**Work required:** A verbatim copy is needed of the lines below from the one containing "Once a nest" up to and including the one containing "Life & Style", excluding pictures.

**Task inputs:**
--- START ---
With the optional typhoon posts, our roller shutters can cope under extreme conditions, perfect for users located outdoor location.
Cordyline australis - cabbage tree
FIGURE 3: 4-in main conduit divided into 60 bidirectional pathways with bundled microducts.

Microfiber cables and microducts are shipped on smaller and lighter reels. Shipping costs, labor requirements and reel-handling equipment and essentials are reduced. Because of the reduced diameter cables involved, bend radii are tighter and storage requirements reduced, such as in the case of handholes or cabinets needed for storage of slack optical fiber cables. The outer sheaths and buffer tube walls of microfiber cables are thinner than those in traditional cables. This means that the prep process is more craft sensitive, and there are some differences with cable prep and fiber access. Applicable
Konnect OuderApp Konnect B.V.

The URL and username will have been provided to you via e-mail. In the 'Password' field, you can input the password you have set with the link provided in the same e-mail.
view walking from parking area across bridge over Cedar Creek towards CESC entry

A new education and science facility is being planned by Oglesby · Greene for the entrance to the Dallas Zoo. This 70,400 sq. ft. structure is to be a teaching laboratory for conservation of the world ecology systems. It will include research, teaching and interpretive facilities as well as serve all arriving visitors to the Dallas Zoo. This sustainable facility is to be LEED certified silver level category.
--- END ---
--- START ---
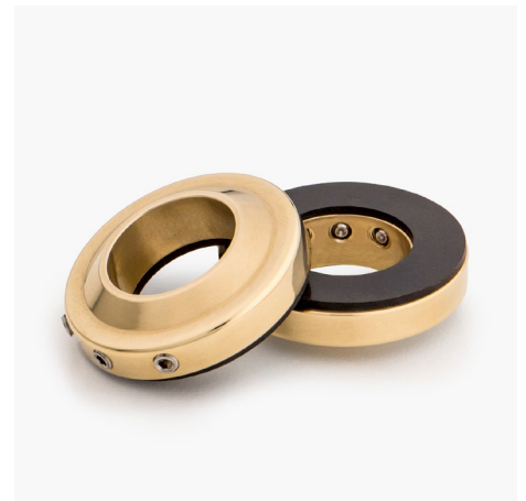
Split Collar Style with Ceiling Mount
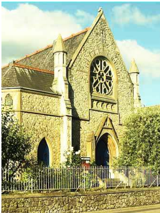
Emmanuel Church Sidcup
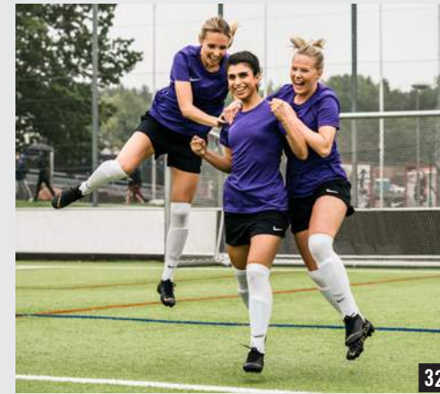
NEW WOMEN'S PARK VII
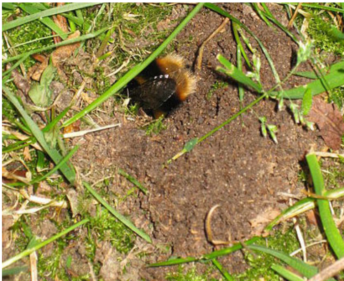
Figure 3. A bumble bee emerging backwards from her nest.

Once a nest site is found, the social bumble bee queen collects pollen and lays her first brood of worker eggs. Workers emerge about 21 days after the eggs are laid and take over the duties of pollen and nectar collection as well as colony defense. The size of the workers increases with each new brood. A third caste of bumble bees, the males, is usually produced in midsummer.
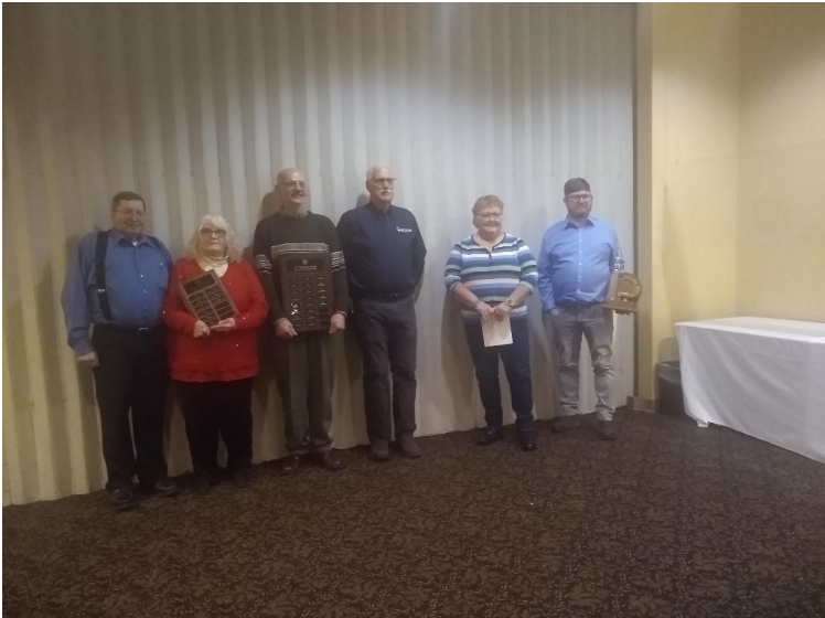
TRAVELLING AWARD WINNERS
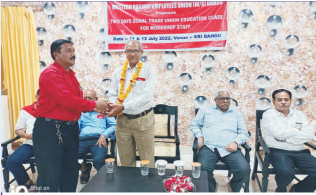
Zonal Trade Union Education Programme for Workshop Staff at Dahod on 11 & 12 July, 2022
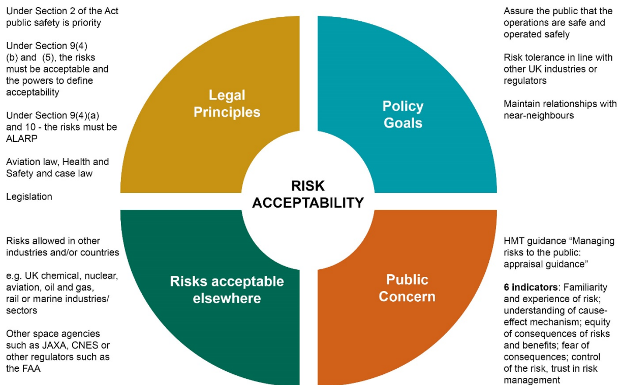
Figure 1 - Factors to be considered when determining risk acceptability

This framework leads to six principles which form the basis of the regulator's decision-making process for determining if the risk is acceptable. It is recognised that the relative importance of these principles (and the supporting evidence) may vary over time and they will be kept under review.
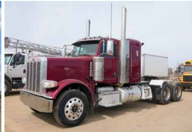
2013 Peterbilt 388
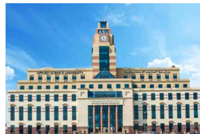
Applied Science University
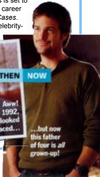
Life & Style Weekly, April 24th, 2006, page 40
--- END ---
**Written answer:**
Once a nest site is found, the social bumble bee queen collects pollen and lays her first brood of worker eggs. Workers emerge about 21 days after the eggs are laid and take over the duties of pollen and nectar collection as well as colony defense. The size of the workers increases with each new brood. A third caste of bumble bees, the males, is usually produced in midsummer.
TRAVELLING AWARD WINNERS
Zonal Trade Union Education Programme for Workshop Staff at Dahod on 11 & 12 July, 2022
Figure 1 - Factors to be considered when determining risk acceptability

This framework leads to six principles which form the basis of the regulator's decision-making process for determining if the risk is acceptable. It is recognised that the relative importance of these principles (and the supporting evidence) may vary over time and they will be kept under review.
2013 Peterbilt 388
Applied Science University
Life & Style Weekly, April 24th, 2006, page 40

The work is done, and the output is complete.